How we watch movies and TV shows has drastically changed over the past few years. In addition to traditional cable TV operators, several other options exist today. Let's look at three companies leading different sectors in the entertainment industry. Netflix (NASDAQ: NFLX), Comcast (NASDAQ: CMCSK) and TiVo (NASDAQ: TIVO) all provide different services but considerable upside for investors looking to buy and hold.
In constant growth
Trading at 526 times its earnings, Netflix is seen by many as an overvalued stock; but it is not. Constantly expanding its content and client base, this well-known Internet giant now reaches about 29 million households in the U.S., or one out of four. Not only should this company continue to penetrate various markets as the Internet-using population grows, but it could also increase revenue though raising prices. Even in the worst of cases, if people responded terribly to $2 to $4 upcharges in subscription fees, the firm could still acheive huge profit gains, reaching about a $10-$20 increase (or over 2000%) in earnings per share. Given its profit potential, I’d say that this company is a buy, especially as consensus estimates expect 19.5% growth per year over the next five years, compared to the industry’s 16.6% average. Here are some other reasons to believe that Netflix will outperform its peers in the long-run:
Its U.S. subscriber base is constantly expanding. Over the past year, domestic streaming subscriptions surged by almost 25%. The company is constantly improving content, and international expansion should drive growth in the upcoming years as streaming services start to displace traditional multimedia-content providers.
In particular, overseas markets have been contributing outstanding results. Last quarter, the company reported a 133% upsurge in the number of users. This trend is expected to continue as the company extends its international presence and product portfolio, especially by adding original content. Not only should its original series attract new users, but also help retain existing users.
The company's incursion into the fast-growing mobile and tablet segment has proven pretty successful and will most likely boost its subscriptions (its main income source) going forward.
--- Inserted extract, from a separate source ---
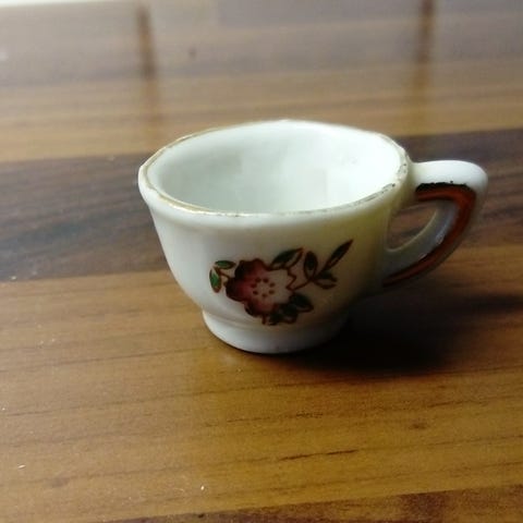 Söpöt pienet kahvikupit leikkeihin. Kupin korkeus noin 5 cm. Yhden kupin reunasta lähtenyt pieni pala - muuten moitteeton kunto.
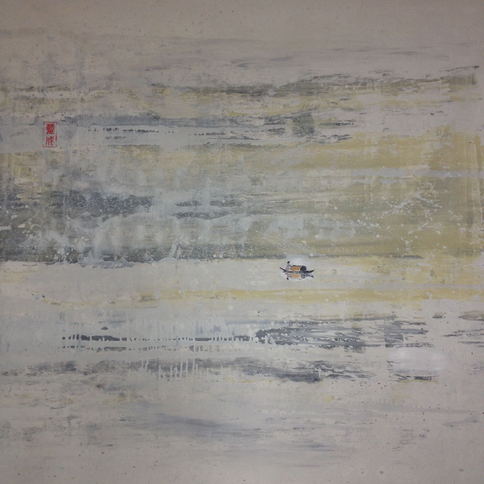 于万千洪流之间,逆流行舟,方显英雄本色。掌一叶孤舟于险峻河滩,自然亦可掌天下于万世。结合中国国画和西方印象派的原创油画作品,唯一版本。

Last quarter results portray an even more encouraging outlook for stockholders. Non-GAAP earnings reached $0.31 per share, 13 cents above the Zacks Consensus Estimate and up from an 8-cent loss in the year-ago quarter. This increase was accomplished on the back of a 17.7% upsurge in revenue due to augmented subscriptions.
A stock to watch
Comcast is yet another multimedia-content provider. Although lately the firm’s earnings have been flat in relation to consensus estimates, year-over-year growth was in fact strong, making the company deserve a closer look. While many analysts are concerned about the fundamentals and valuation of the Class A Stock for Comcast (NASDAQ: CMCSA), I would recommend paying further attention to its Special Class A stock, which actually stands as a buy in my view. Trading at 17.3 times earnings, it is cheaper than the Class A shares and exchanges below the industry's 23.3 price-to-earnings average (Morningstar), thus providing an attractive entry point for investors. Analyst consensus expects 18% growth per year over the upcoming five, which stands 8% ahead of the industry average and almost doubles that projected figures for S&P500 companies.
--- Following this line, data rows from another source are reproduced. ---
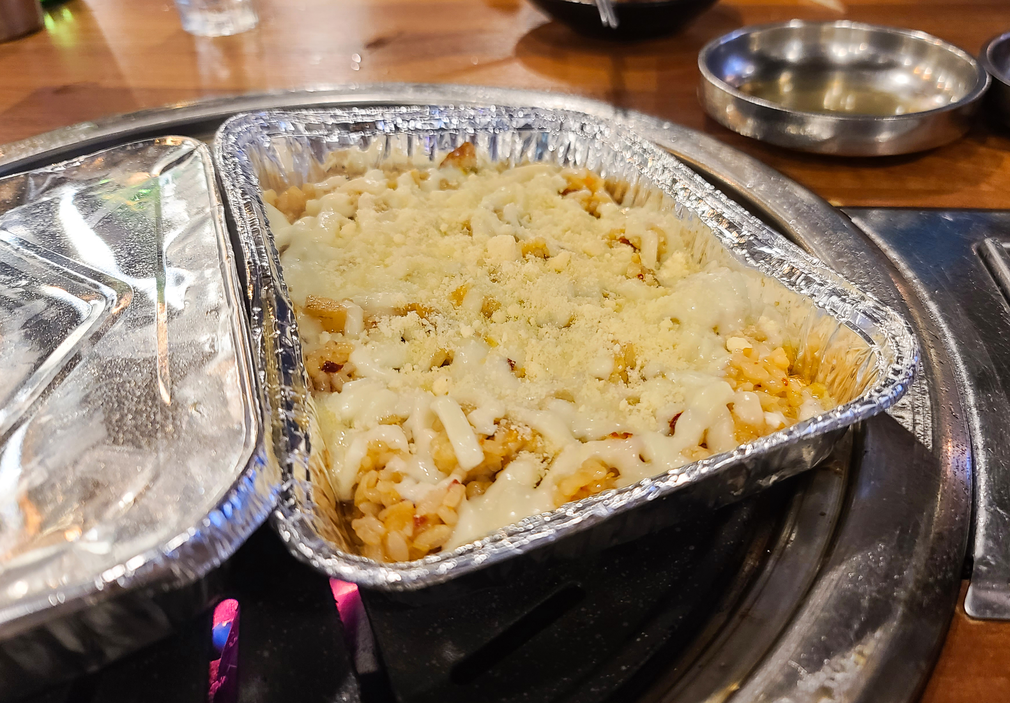 끝으로 화포식당의 사각 치즈 볶음밥을 주문하여 먹었습니다. 베이스는 김치볶음밥 형태였고, 위에 피자치즈와 파마산 치즈가 토핑이 된 형태였습니다. 후식으로 먹기에 맛이 괜찮았고요, 고소하면서도 살짝 매콤한 게 입맛에 잘 맞았습니다.
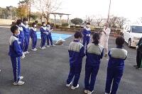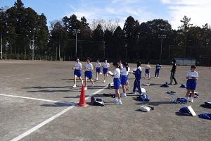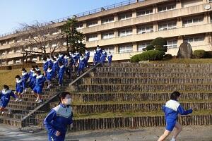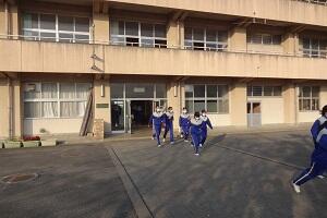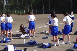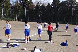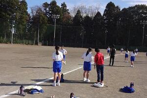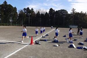 1年生の女子が長距離走の授業を行っています。ただ「長い距離を走りましょう。」というのではなく、最初に目標タイムを決めて、ペアを組んで走っている途中にタイムを教えてあげたり、励ましたりと、生徒たちは苦しいだろう長距離走も、走り終わると笑顔で友だちと話し合ったり、褒め合ったりして、楽しい授業になっているようです。
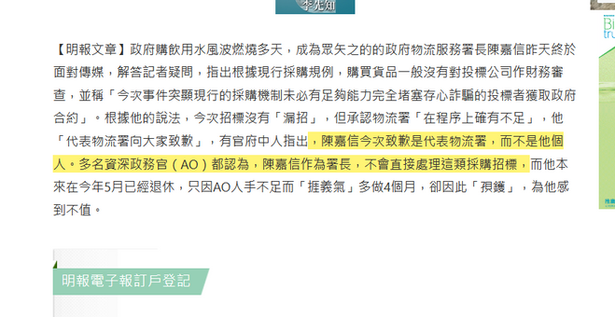 明報一篇文章,內容是多名資深政務官員為陳嘉信發聲。他們說陳嘉信作為署長,不會直接處理這類採購招標。事實上在整個中央投標委員會中,有兩位財庫局亦即是採購部門的官員包括常務秘書長黎志華和副秘書長羅中,另外發展局也是常務秘書長劉俊傑,唯獨是物流處是由處長陳嘉信負責。
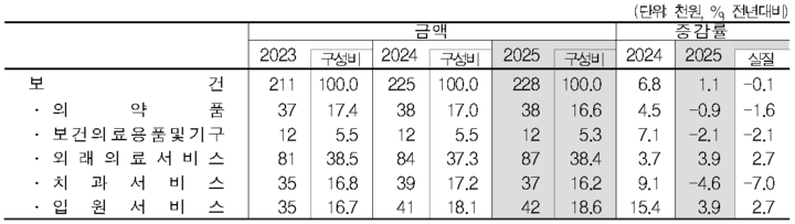 이 밖에 2025년 보건 전체 지출 항목을 살펴보면 치과 서비스에 지출한 금액이 전체 금액 중 16.2%를 차지했다. 또 치과를 제외한 1인 이상 일반 가구가 2025년도에 평균적으로 가장 많은 금액을 지출한 보건 항목은 ‘외래 의료 서비스(8만7000원)’였으며 이어 ‘입원서비스(4만2000원)’, ‘의약품(3만8000원)’, ‘보건의료용품 및 기구(1만2000원)’ 순이었다.
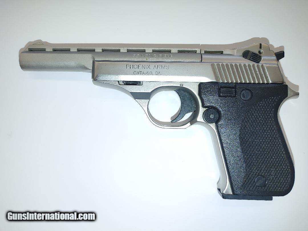 Description: Guns Listing ID: 604448 Phoenix Arms HP-22 with factory box 5\" barrel SOLD Manufacturer: PHOENIX ARMS Model: HP 22 Caliber Info: 22 LR Condition: Used - Non-Certified Barrels: 5 BARREL Finish: STAINLESS |
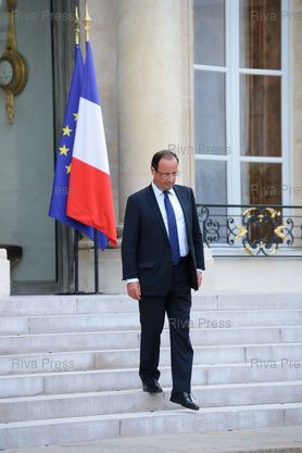 François Hollande descend les marches du perron pour accueillir la délégation syrienne - Photo © Lionel Préau +33 (0)6 68 12 83 77

Additional reasons to believe that Comcast will deliver above average long-term growth:
Its (unmatched) multiple product offerings, which create plenty of growth opportunities, as most of its customers subscribe to more than one of the firm´s services. This generates not only high customer loyalty, but also higher cash flow levels per user.
Its scale; like Netflix, Comcast serves about 25% of pay-TV households in the U.S.
The acquisition of NBC Universal further widens its product portfolio by adding original productions, sports, and even theme parks.
The offering of several innovative products, including the firm’s set-top box, Xfinity TV – an on-demand service that provides access to both video programming and Internet – and its X1 services, among others. These should boost earnings in the upcoming quarters.
Strategic partnerships with major companies like Microsoft and Skype should further increase Comcast’s market share, which has already been growing on the back of an increased focus on both residential and small and medium business (SMB) clients. This last segment in particular offers plenty of development opportunities; given the firm’s low penetration, the SMB segment is expected to offer $20 to $30 billion in profit upside.
A stock with strong recognition
Finally there’s TiVo, known for offering the first commercially available digital video recorder. Before video streaming exploded, TiVo offered a unique product, but with the advance of technology, is this company still poised to grow? I’d say it is. I’d say, buy. Here are the reasons that lead me to believe the firm will outperform its peers in the long-run:
In the U.S., TiVo has been a synonym for digital recording of TV for quite some time now. Its strong brand recognition provides it with a considerable advantage to benefit from the growing demand in digital video recording devices, already present in about half of the country’s households.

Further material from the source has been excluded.